Overall, the plasma spraying method according to the invention has the following advantages over the previously known methods:

• It creates a homogeneous layer structure;
• Compared to conventional sprayed coatings, a double layer thickness is achieved
• A solid, closed and gas-tight layer is produced;
• No pronounced diffusion zone, whereby the risk of cracking is avoided;
• Problem areas such as pipe bends and welded brackets must be produced free of cracks and distortion;
• The cleaning process on superheater bundles with coated pipes is easily possible;

In bending and tensile tests, it has been shown that the coating produced according to the invention peels off like a concertina.
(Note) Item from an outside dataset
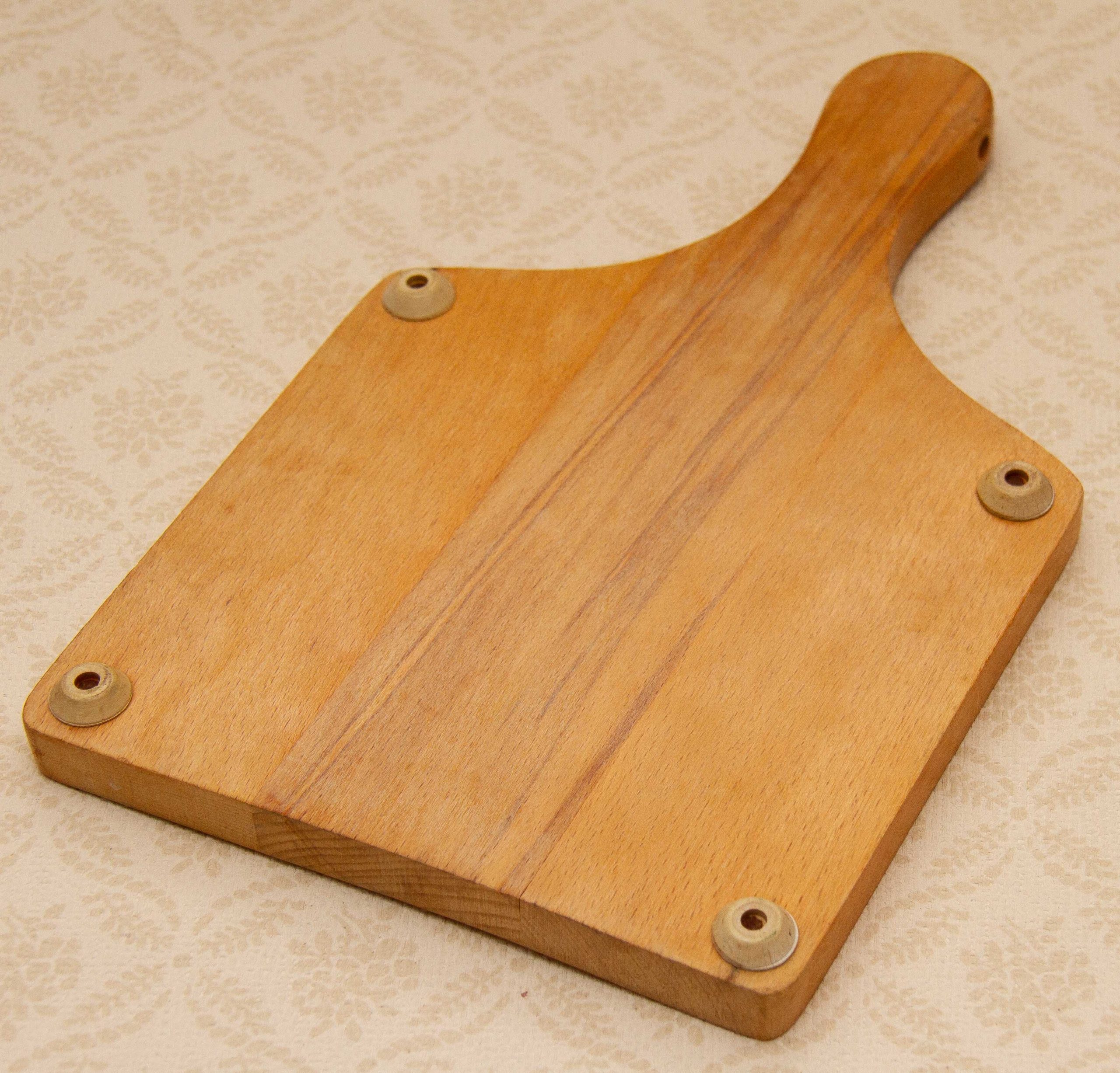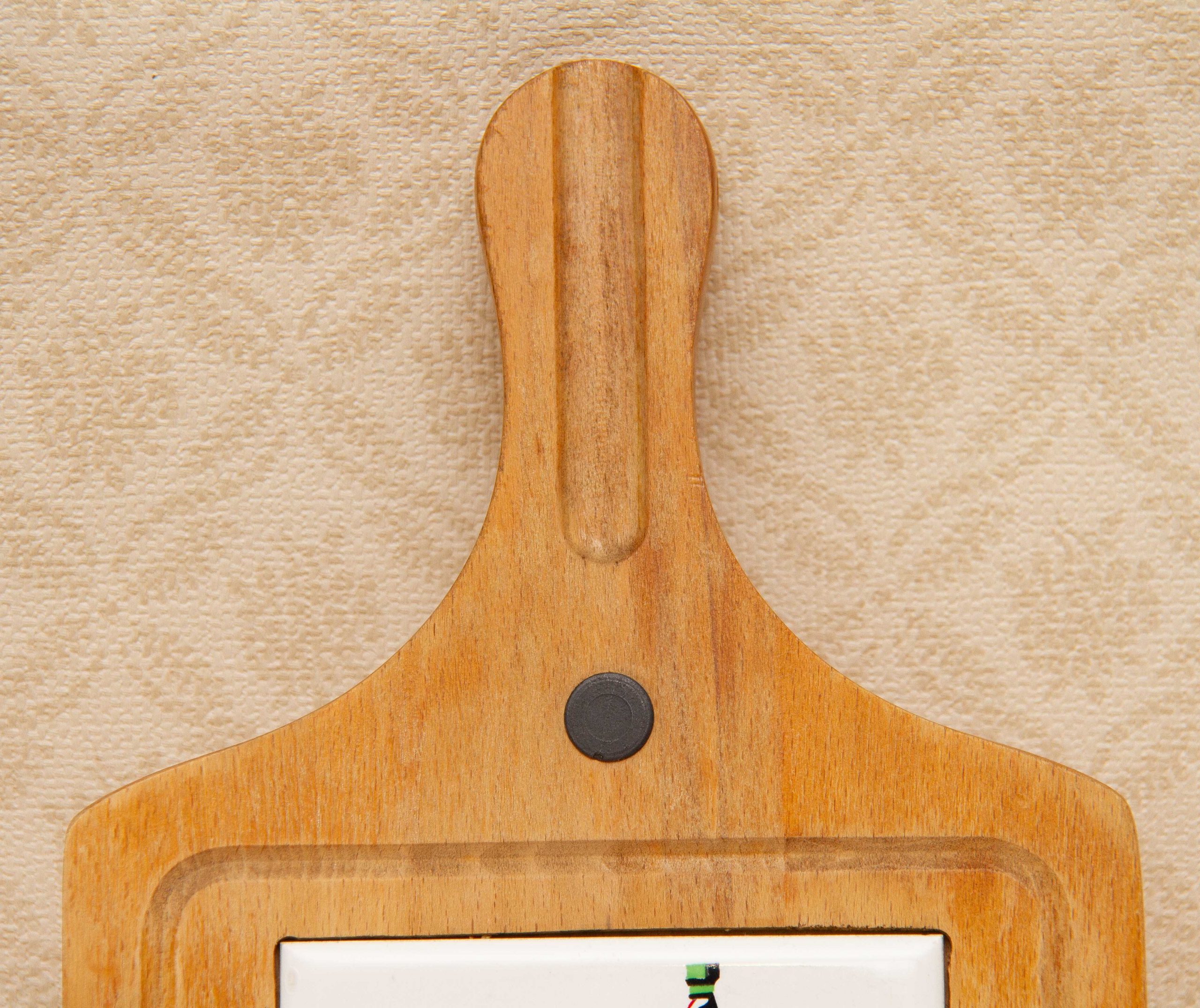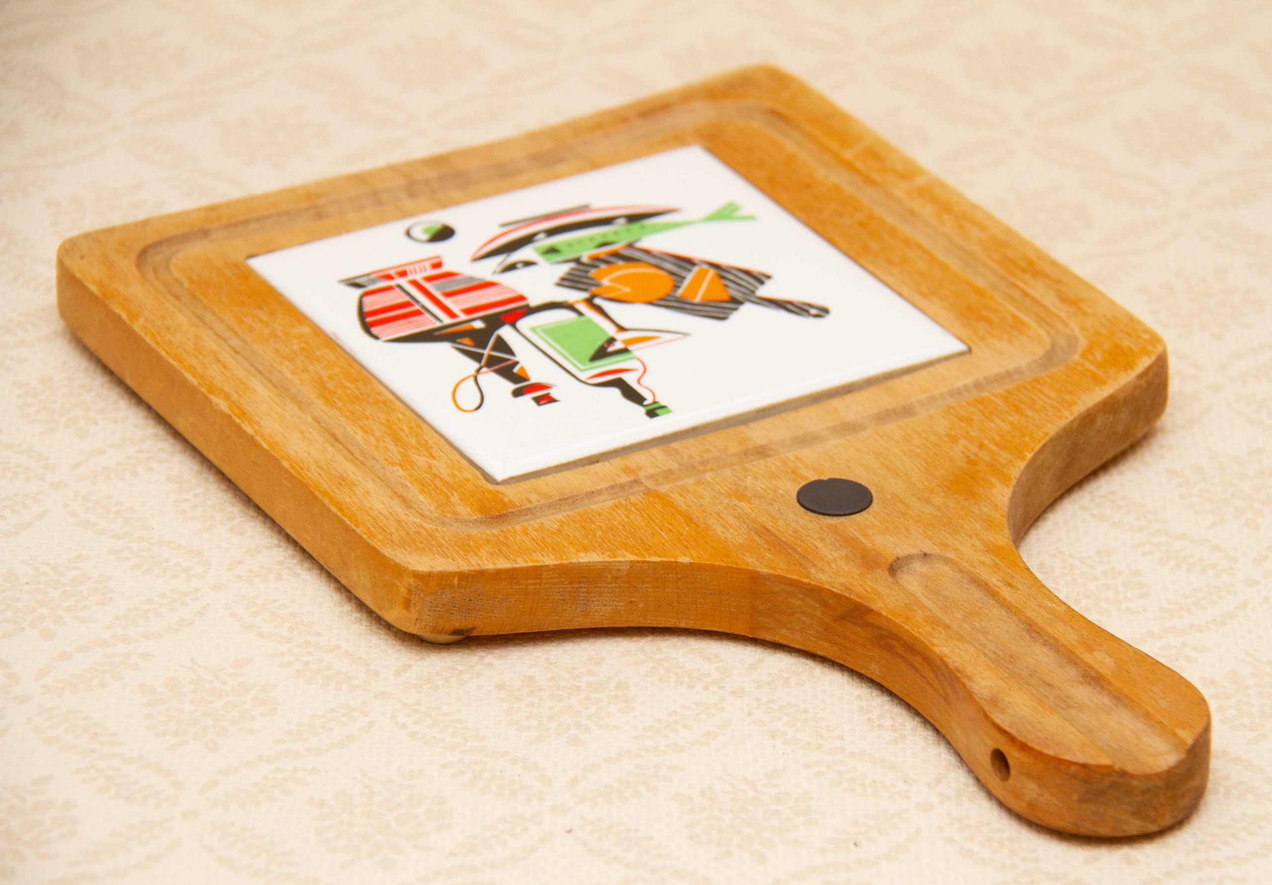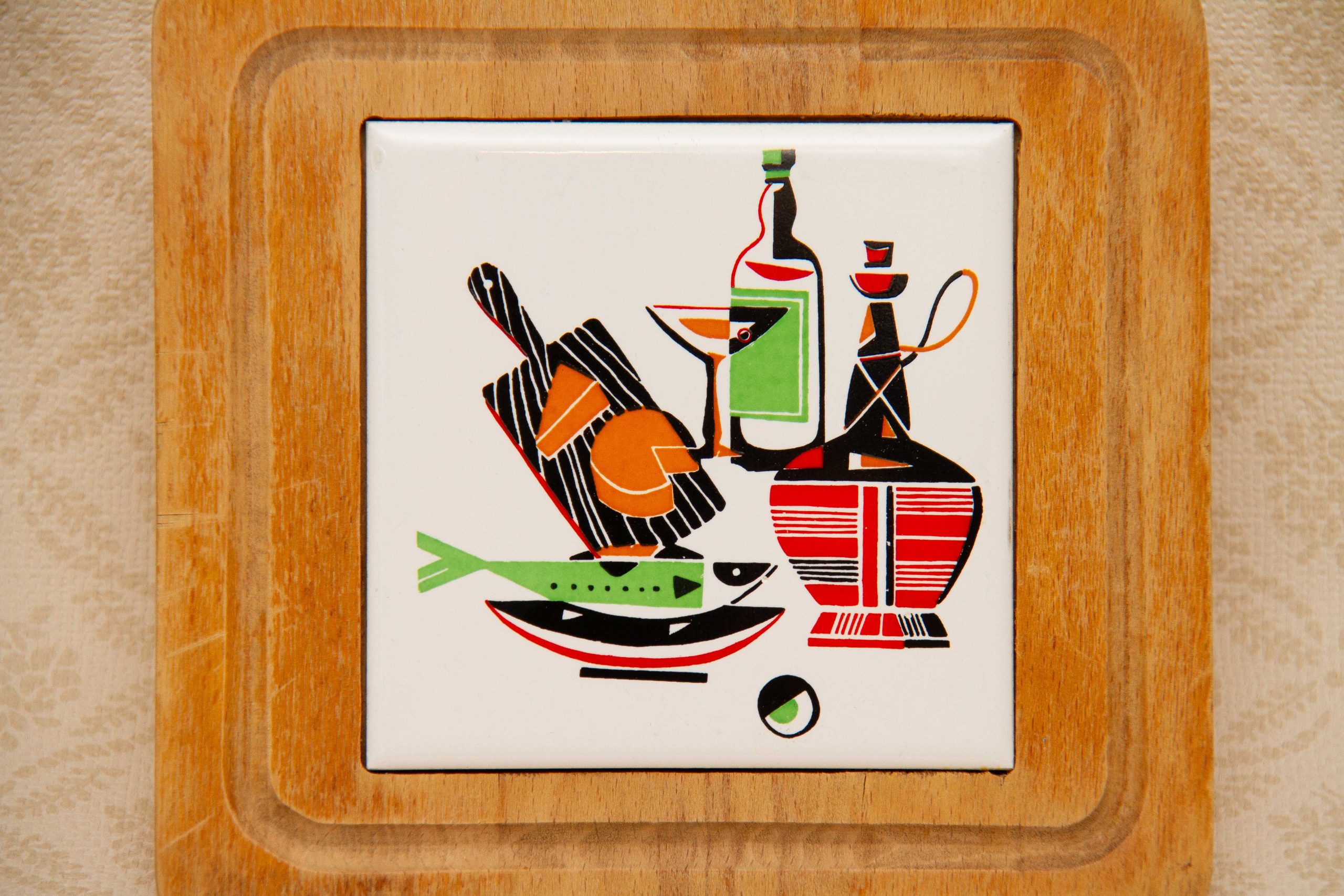 A vintage Mid Century Modern cheese board, with a ceramic tile inset and magnet for holding a cheese knife. The cheese board is light wood and the ceramic inset features a design of cheese, wine and fish.

Micrographs showed after applying the protective layer and the subsequent melting, that no material separations or microstructural changes in the base material were present.

Claims (9)

1. Thermal spraying method for producing a protective layer on metallic walls subjected to hot flue gases in a plasma spraying method, in which method a self-flowing metal alloy is applied as powder to the metallic walls, characterized in that the self-flowing metal alloy has a grain size of 90 to 180 µm, wherein the protective layer is only partially melted with a neutral flame after it has been sprayed on, wherein the protective layer is only heated to such a temperature that a diffusive bond between the protective layer and the base material is avoided, wherein the self-flowing metal alloy contains nickel as the main constituent.
2. Thermal spraying method according to Claim 1, characterized in that the layer thickness of the protective layer after it has been sprayed on is 0.2 to 1 mm.
3. Thermal spraying method according to Claim 1 or 2, characterized in that the layer thickness of the protective layer after it has been sprayed on is 0.3 to 0.6 mm.
4. Thermal spraying method according to one of the preceding claims, characterized in that the porosity of the protective layer before it is partially melted is 0.5 to 3%.
5. Thermal spraying method according to one of the preceding claims, characterized in that the powder used is a self-flowing metal alloy containing at least the following constituents: 77.35% by weight Ni; 11.5% by weight Cr; 0.65% by weight C; 2.5% by weight B; 3.75% by weight Si; 4.25% by weight Fe.
6. Thermal spraying method according to one of the preceding claims, characterized in that the hardness of the protective layer after it has been partially melted is 48 to 52 HRC.
7. Thermal spraying method according to one of the preceding claims, characterized in that the powder is heated to a temperature of approximately 25°C before it is sprayed on.
8. Thermal spraying method according to one of the preceding claims, characterized in that a plasma spraying method is used to spray the protective layer onto metallic walls of boiler tubes which are subjected to hot flue gases.
9. Use of a powder made of a self-flowing metal alloy having a grain size of 90 to 180 µm for a thermal spraying method for producing a protective layer on metallic walls subjected to hot flue gases, according to one of the preceding claims, wherein the protective layer is only partially melted with a neutral flame after it has been sprayed on in a plasma spraying method, wherein the protective layer is only heated to such a temperature that a diffusive bond between the protective layer and the base material is avoided, wherein the self-flowing metal alloy contains nickel as the main constituent.